This example shows how to make the Feathub job fault-tolerant when running with FlinkProcessor.

Prerequisites

Prerequisites for running this example:

  • Unix-like operating system (e.g. Linux, Mac OS X)
  • Python 3.7
  • Docker Compose >= 20.10

Step-By-Step Instructions

Please execute the following commands under the flink-fault-tolerance folder to run this example.

  1. Install FeatHub pip package with FlinkProcessor dependencies.

    $ python -m pip install --upgrade "feathub-nightly[flink]"
  2. Start the Flink and the Kafka cluster.

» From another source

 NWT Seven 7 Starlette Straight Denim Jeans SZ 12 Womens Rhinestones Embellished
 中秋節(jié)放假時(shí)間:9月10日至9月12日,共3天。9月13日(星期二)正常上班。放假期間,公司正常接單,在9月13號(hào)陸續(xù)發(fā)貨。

    $ docker-compose up -d

    After the Flink and the Kafka clusters have started, you should be able to navigate to the web UI at localhost:8081 to view the Flink dashboard.

  3. Produce the first series of events into the Kafka topic.

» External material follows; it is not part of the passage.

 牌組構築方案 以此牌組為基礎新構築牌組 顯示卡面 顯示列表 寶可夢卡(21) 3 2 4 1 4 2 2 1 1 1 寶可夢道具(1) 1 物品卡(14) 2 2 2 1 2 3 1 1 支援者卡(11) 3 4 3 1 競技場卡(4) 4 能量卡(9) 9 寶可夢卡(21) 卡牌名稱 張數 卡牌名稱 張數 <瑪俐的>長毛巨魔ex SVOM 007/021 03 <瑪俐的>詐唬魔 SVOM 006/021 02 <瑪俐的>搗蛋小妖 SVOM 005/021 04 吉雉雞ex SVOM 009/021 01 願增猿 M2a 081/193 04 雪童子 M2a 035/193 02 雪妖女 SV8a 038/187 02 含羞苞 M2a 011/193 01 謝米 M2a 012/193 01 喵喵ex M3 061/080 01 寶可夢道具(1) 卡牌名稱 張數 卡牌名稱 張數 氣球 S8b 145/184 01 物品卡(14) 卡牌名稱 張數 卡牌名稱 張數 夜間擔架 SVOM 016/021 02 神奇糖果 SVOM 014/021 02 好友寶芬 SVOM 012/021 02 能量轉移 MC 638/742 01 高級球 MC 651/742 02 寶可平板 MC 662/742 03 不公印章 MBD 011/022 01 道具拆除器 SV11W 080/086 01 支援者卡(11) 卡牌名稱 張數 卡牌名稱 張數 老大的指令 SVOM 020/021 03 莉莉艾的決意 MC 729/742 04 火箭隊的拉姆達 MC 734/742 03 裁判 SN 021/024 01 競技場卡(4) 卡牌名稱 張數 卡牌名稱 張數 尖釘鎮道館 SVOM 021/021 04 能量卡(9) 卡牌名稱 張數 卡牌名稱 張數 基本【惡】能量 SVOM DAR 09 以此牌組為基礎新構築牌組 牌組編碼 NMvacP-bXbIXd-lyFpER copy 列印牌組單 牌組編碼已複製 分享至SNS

    $ python initialize_kafka_topic.py purchase_events.json
  4. Run the FeatHub program to compute and output the real-time feature to a Kafka topic.

    $ python main.py

    Download Kafka consumer and read events from the output topic.

    $ curl -LO https://archive.apache.org/dist/kafka/3.2.3/kafka_2.12-3.2.3.tgz
    $ tar -xzf kafka_2.12-3.2.3.tgz
    $ ./kafka_2.12-3.2.3/bin/kafka-console-consumer.sh \
        --bootstrap-server localhost:9093 \
        --topic user_online_features \
        --from-beginning

    The Kafka topic should contain the following messages:

    {"user_id":1,"window_time":1640966459999,"total_item_last_two_minutes":1}
    {"user_id":1,"window_time":1640966519999,"total_item_last_two_minutes":3}
    {"user_id":1,"window_time":1640966579999,"total_item_last_two_minutes":5}
    {"user_id":1,"window_time":1640966639999,"total_item_last_two_minutes":3}
    {"user_id":2,"window_time":1640966639999,"total_item_last_two_minutes":1}
    
  5. Trigger fail-over manually and checkout the final outputs.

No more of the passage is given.